I never owned one, but I took a nice long test ride, once. Predictable, slightly slow handling. Slightly flexy but still with plenty of pop and power off the pedals. At slower speeds, the ride quality was undistinguished, but as soon as you got a head of steam up, it was as if it was hovering a couple inches off the ground. 

As far as I know there were three variants. (Don't take what follows for gospel. I'm doing this off the top of my head.) The first had traditional seat stays. The second had the "B-stay," the yoke-type chainstays now omnipresent on carbon bikes. The third variation (damn, I can't remember what they call it), had the screwy-looking chainstay with the eye in the middle.

All in all, an impressive bike.


----------



## fabsroman (Jul 14, 2006)

Mapei said:


> I never owned one, but I took a nice long test ride, once. Predictable, slightly slow handling. Slightly flexy but still with plenty of pop and power off the pedals. At slower speeds, the ride quality was undistinguished, but as soon as you got a head of steam up, it was as if it was hovering a couple inches off the ground.
> 
> As far as I know there were three variants. (Don't take what follows for gospel. I'm doing this off the top of my head.) The first had traditional seat stays. The second had the "B-stay," the yoke-type chainstays now omnipresent on carbon bikes.
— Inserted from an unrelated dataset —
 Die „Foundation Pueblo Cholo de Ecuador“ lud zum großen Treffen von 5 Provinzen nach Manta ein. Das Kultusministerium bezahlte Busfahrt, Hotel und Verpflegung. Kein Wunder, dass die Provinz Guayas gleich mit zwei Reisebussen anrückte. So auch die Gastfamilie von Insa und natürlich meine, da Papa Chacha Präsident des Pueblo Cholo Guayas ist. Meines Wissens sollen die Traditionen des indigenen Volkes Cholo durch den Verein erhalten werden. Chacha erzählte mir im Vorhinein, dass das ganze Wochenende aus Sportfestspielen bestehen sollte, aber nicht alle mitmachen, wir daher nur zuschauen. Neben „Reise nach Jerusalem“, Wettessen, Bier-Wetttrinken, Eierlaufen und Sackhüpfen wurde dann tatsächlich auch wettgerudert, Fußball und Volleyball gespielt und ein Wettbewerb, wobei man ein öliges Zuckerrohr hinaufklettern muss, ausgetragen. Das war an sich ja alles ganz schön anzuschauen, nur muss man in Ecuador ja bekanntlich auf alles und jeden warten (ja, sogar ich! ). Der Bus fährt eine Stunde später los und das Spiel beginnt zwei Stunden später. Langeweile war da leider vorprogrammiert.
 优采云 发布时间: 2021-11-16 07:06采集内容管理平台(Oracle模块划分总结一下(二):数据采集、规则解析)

The third variation (damn, I can't remember what they call it), had the screwy-looking chainstay with the eye in the middle.
> 
> All in all, an impressive bike.


I believe the third variant had the HP chainstays. That is probably what you are looking for. For a little more information, my 2009 C50 has the B-Stay and the HP chainstays. So, if you have the third model of the C40, about the only difference between it and the C50 is a 1" headtube versus a 1 1/8" headtube. Supposedly, the front end on the C50 is a little stiffer than on the third model C40. One other thing was also done to the C50 around the 2007 model year. Colnago used high modulus carbon fiber in it and reduced the weight of the frame. Of course, that wasn't the case with the C40, which I think stopped being built in 2004.


----------



## ctam (Apr 21, 2003)

I think there are actually 4 versions. The original had a skinny downtube - it was a constant diameter along its entire length. The next version had a downtube that became larger as it approached the BB shell. Third is B-Stay. Fourth is HP chain stays.
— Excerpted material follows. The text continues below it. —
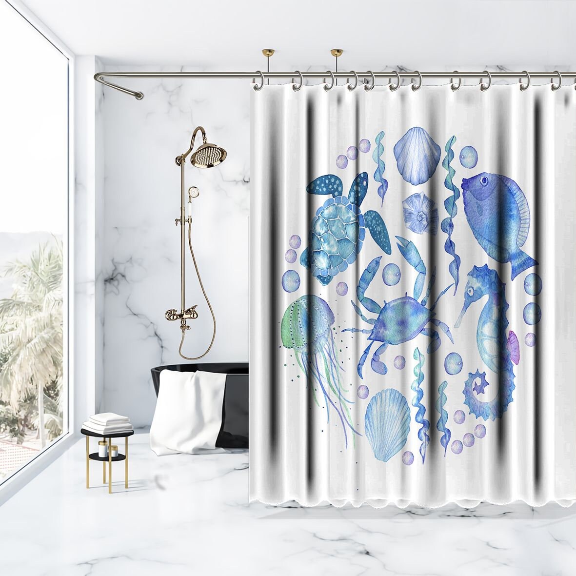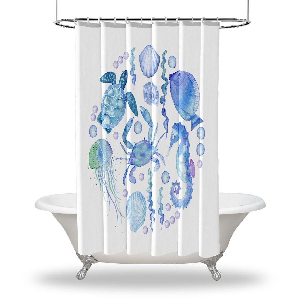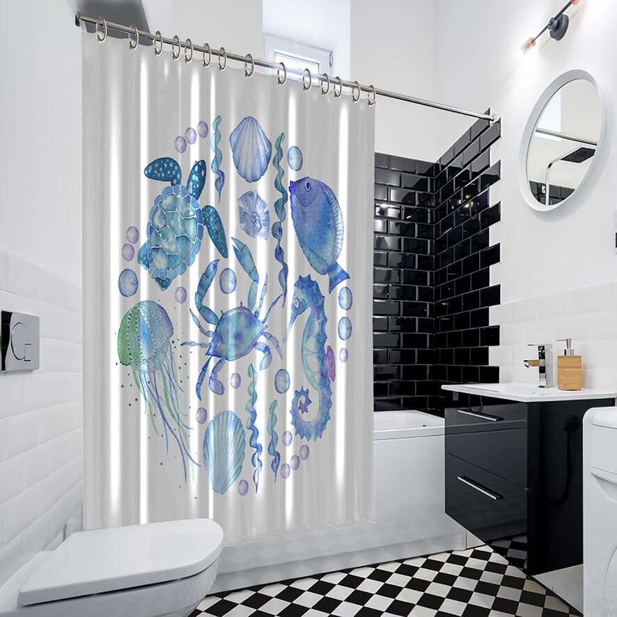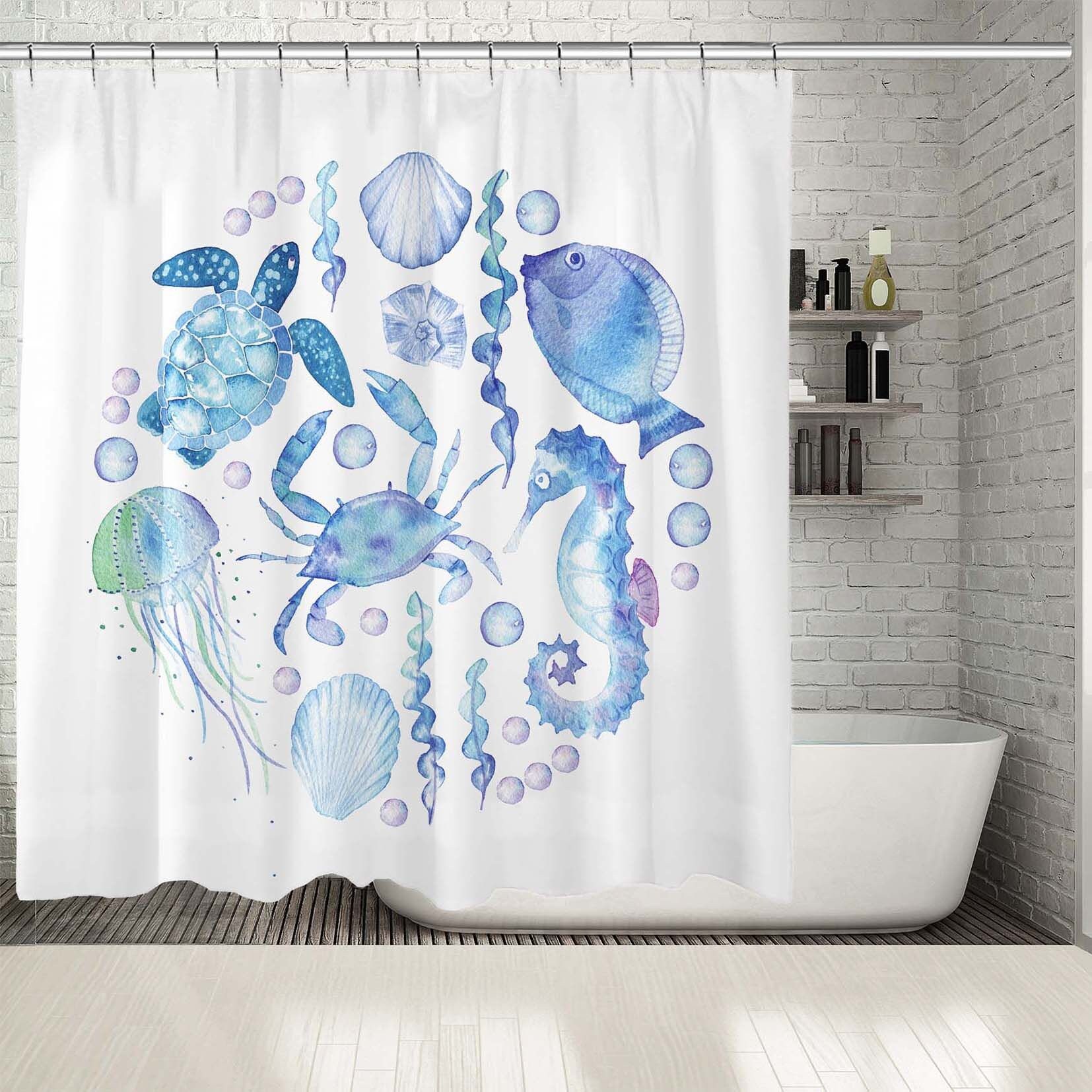 Jellyfish Seahorse Artistic Print Shower Curtain for your Bathroom

I don't think the change from version 1 to 2 was ever advertised by Colnago, so maybe it was just a running change they made to the design??


----------



## RJohn (Mar 24, 2009)

I have version #2 and I love it. Actually I prefer the seat stay design better. The tubes and lugs set it apart from the cookie cutter looks of so many of the newer carbon bikes. But I'm an old retro grouch. When I got mine it came with a Reynolds CF fork and the front end felt flexy at times. That was cured when I put on a Colnago Force fork that I got from an RBR member. The Colnago fork steerer tube is quite a bit thicker than the Reynolds. Maybe that's what made the difference. I'm just guessing. 
Make sure you get the seat post! It's an odd size and expensive.


----------



## bertoni (Jan 10, 2008)

http://www.colnago.cc/

See the thread above for reviews of the major variations of the C40, as well as a history of its development. The non B-stay model has been my principal road bike for some time now. It is perfect for my needs, which no longer include racing.


----------



## JohnBohnJovi (Jan 1, 2013)

I am looking to buy a Colnago C40 HP from a forum member. I would like to know what should I look for, and where, to make sure it is genuine? Also the frame series, where is it placed? I am asking these questions, as I have heard, there are fake frames on the market, the so-called Chilnagos.


----------



## pmf (Feb 23, 2004)

The C-40 HP came out in 2002 or 2003. It was only around for a few years until they switched to the C-50. I doubt there are any Chinese fakes of the frame. Colnagos at that time had intricate paint jobs. I have the first year of the C-40 B-stay (2001). I still ride it and enjoy it. They're good bikes.


----------